We removed the `--reuse-input` flag since it can be replaced with a
cache enabled via the `config.dbserver.cache` flag. The cache
mechanism is still experimental and disabled by default.
We added an utility `utils/find_exposure ` to find the
largest exposure in a directory.
For single site calculations with disagg_by_src it is possible
to visualize the most relevant sources with the command
`oq show relevant_sources:`.
We extended `oq engine --delete-calculation` to remove both
`calc_XXX.hdf5` and `calc_XXX_tmp.hdf5` when deleting a job.
We extended `oq importcalc calc_hdf5` to also import calculation files
outside oqdata by moving them inside oqdata first.
WebUI
-----
We added an endpoint `/v1/calc/:calc_id/exposure_by_mmi` to extract
the `exposure_by_mmi` output (in JSON format) for risk calculations
from ShakeMaps.
We added an endpoint `/v1/calc/:calc_id/impact` to extract the
impact results (in JSON format) for scenario risk calculations.
We added an endpoint `/v1/calc/jobs_from_inis` to determine which job.ini
files have been already run (in that case we return the associated job_id)
or not (in that case we return 0). This was required by the PAPERS project.
We added a private endpoint `/v1/calc/run_ini` to run calculations starting
from a remote .ini file, assuming the client knows its full path name,
again fro the PAPERS project.
We made the hidden outputs (i.e. exposure and job_zip) visible and
downloadable only for users of level 2 or when the WebUI
authentication is disabled.
We made it possible to select multiple input files (and not only a
single zip file) when running a job via the WebUI.

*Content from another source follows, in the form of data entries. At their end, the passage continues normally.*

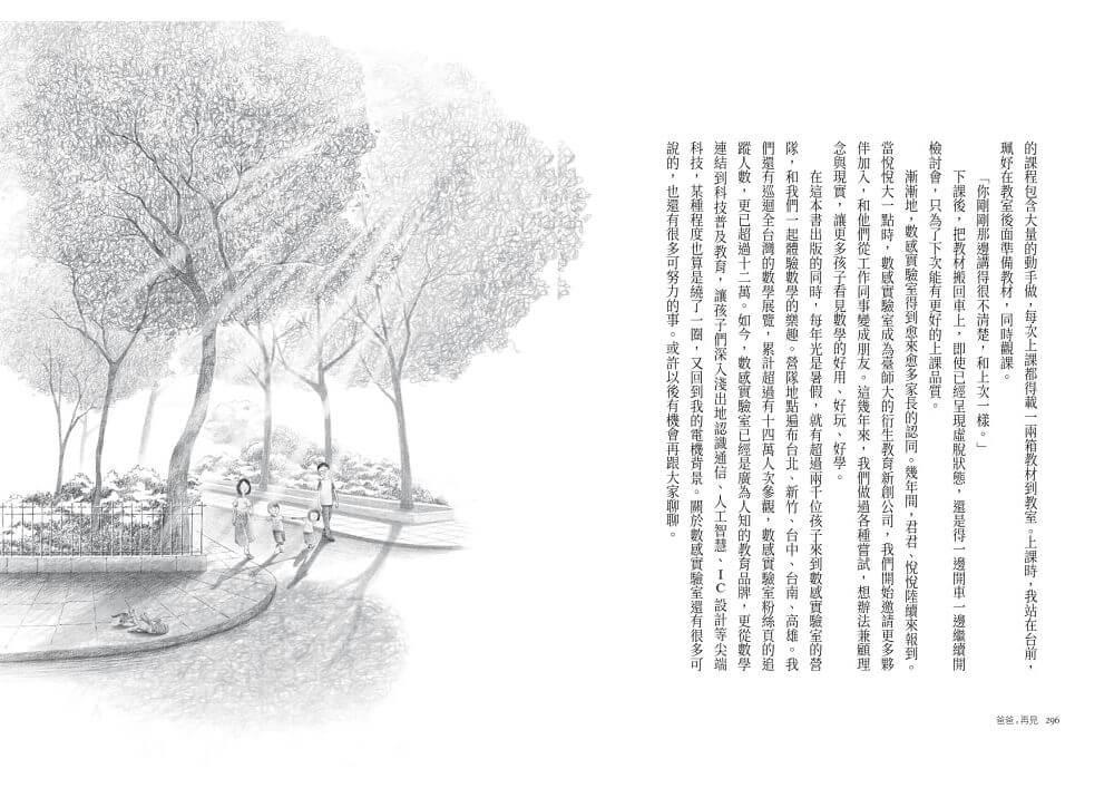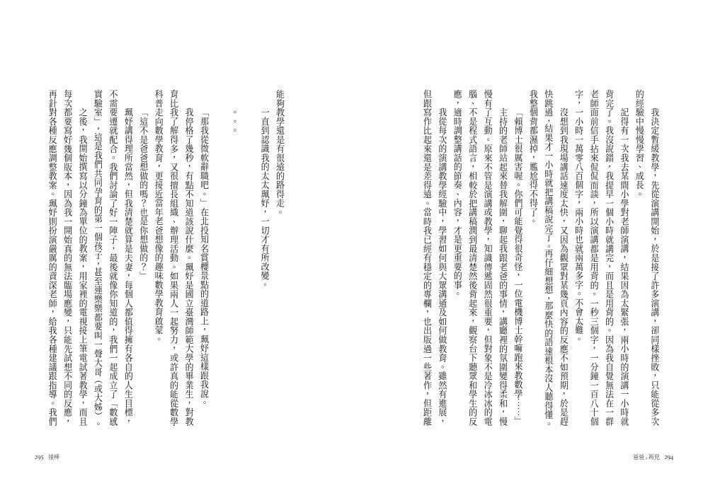 十五年過去,我多了「爸爸」的身分。每天早上送兩個孩子上學,然後回到我的工作崗位,就像當年老爸坐在客廳沙發上手寫教案那樣,想辦法要讓更多孩子喜歡數學,學好數學。
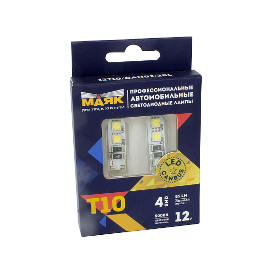 Автолампа светодиодная T10 (W5W), 12 В, W2.1x9.5D, 4SMD(5050) 360° SUPER WHITE (бесцокольная, блистер, 2 шт)
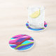 Backe och ett hav i färg av rosa, lila, blått, grönt och cyan.
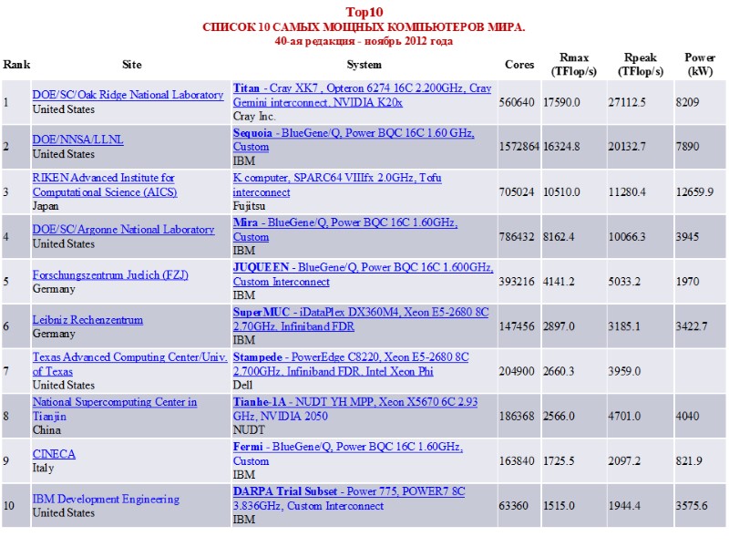 Список 10 самых мощных компьютеров мира. 37-ая редакция

We do not show anymore in the WebUI the jobs that have the `relevant`
flat set to false. This is a way to hide jobs without removing them.
IT
---
In this release we removed the `pyshp` dependency (since we have
`fiona`) and we added the Uber's package `h3` (version 3.7.7).
This is the last release supporting Python 3.10 and numpy
1.26: in the next release we will upgrade all numpy-dependent
libraries (including the geospatial libraries) and we will require at
least Python 3.11.
We changed the parallelization parameters to try to
ensure at least one GB of RAM per thread, possibly at
the cost of using less threads than available. For instance,
if your machine has 22 threads and 16 GB of RAM only 16 threads will
be used by default.
It is still possible, as always, to
specify the `num_cores` parameter in the `openquake.cfg` file
to explicitly control the number of processes in the process pool.
Users on a laptop with not much memory are recommended to
close the browser and run their calculations from the command line.
AELO and OQImpact
-----------------
Hundreds of pull requests were made in the engine codebase to support
the AELO and OQImpact platforms. However, since those are private
platforms, the related improvements will not be listed here.